Y'know, I'm not sure the thread title was such a great idea. Y'all are no doubt expecting a much more sophisticated analysis than I'm actually capable of.
Are you sitting comfortably? Then we'll begin.
The edition I have opens each book with a short summary and a helpful table of contents. This is handy for the purposes of liveblogging, because it means that the longer books are divided up into smaller headed sections, longer than the traditional chapters. We therefore begin The Old Testament
with "The Story of Creation", which is an extremely familiar passage to me, and one of the more famous parts of the Bible.
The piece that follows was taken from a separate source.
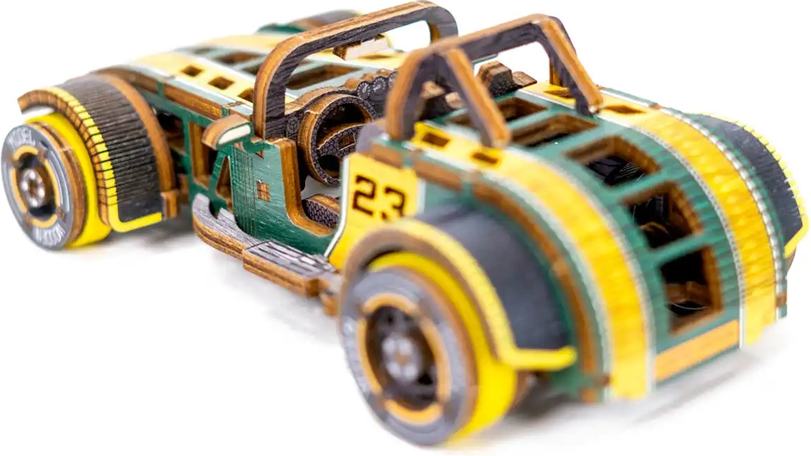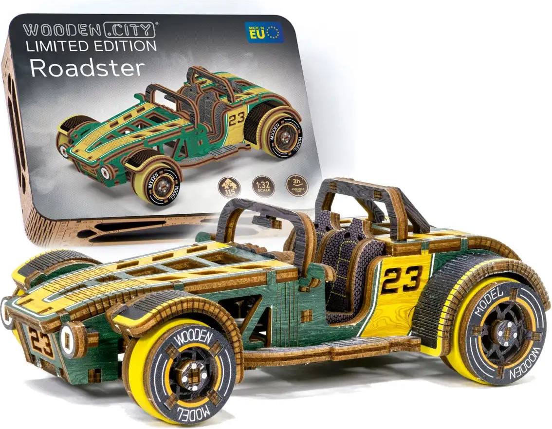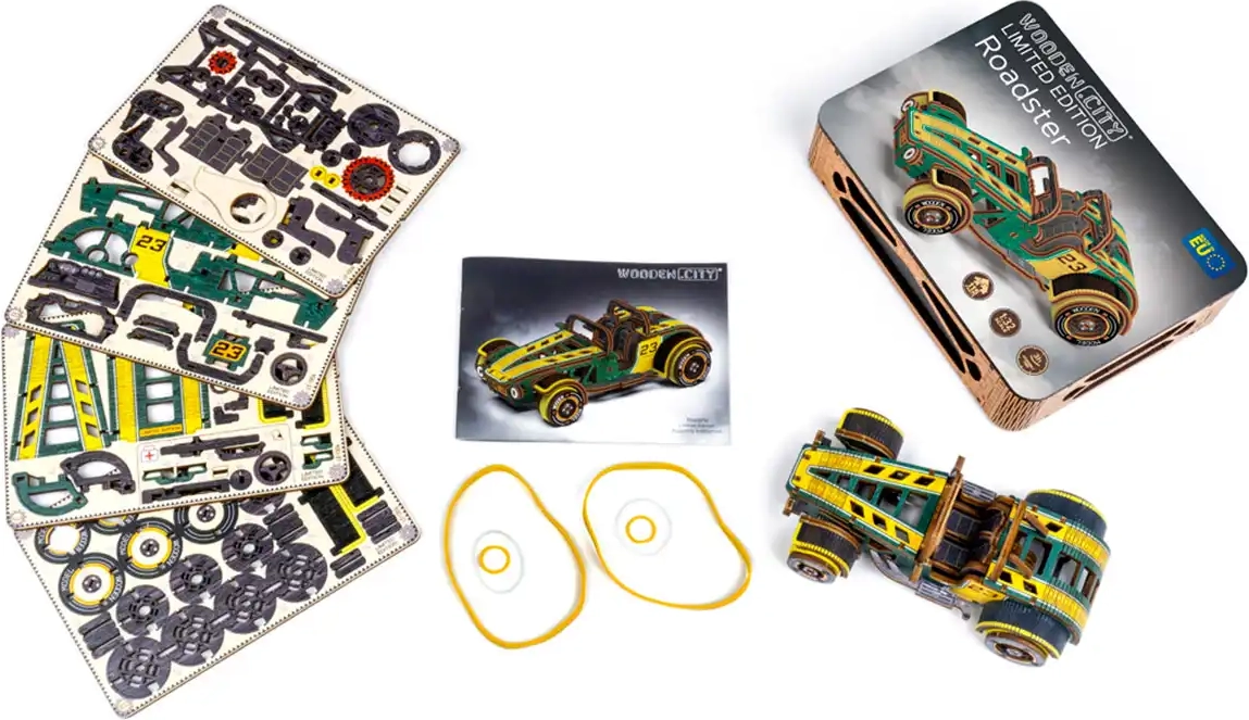 De Houten 3D-puzzel Roadster – limited edition brengt het plezier van bouwen én de voldoening van een afgewerkt mechanisch model. Dankzij nauwkeurig laser­gesneden onderdelen van ecologisch berkenmultiplex zet u zonder lijm een verfijnde wagen in elkaar met realistische details en een soepele werking.

The book of Genesis begins with God's creation of the universe. At this point, the Earth exists, but is empty and without form, submerged in water and absolutely devoid of light. The Spirit of God (a footnote informs me that this could equally be "the power of God", "a wind from God" or "an awesome wind") moves over the water, and God commands:
Let there be light.
And light is. God, pleased with this, proceeds to create Day and Night by separating the light from the darkness. Evening arrives, and so endeth the first day.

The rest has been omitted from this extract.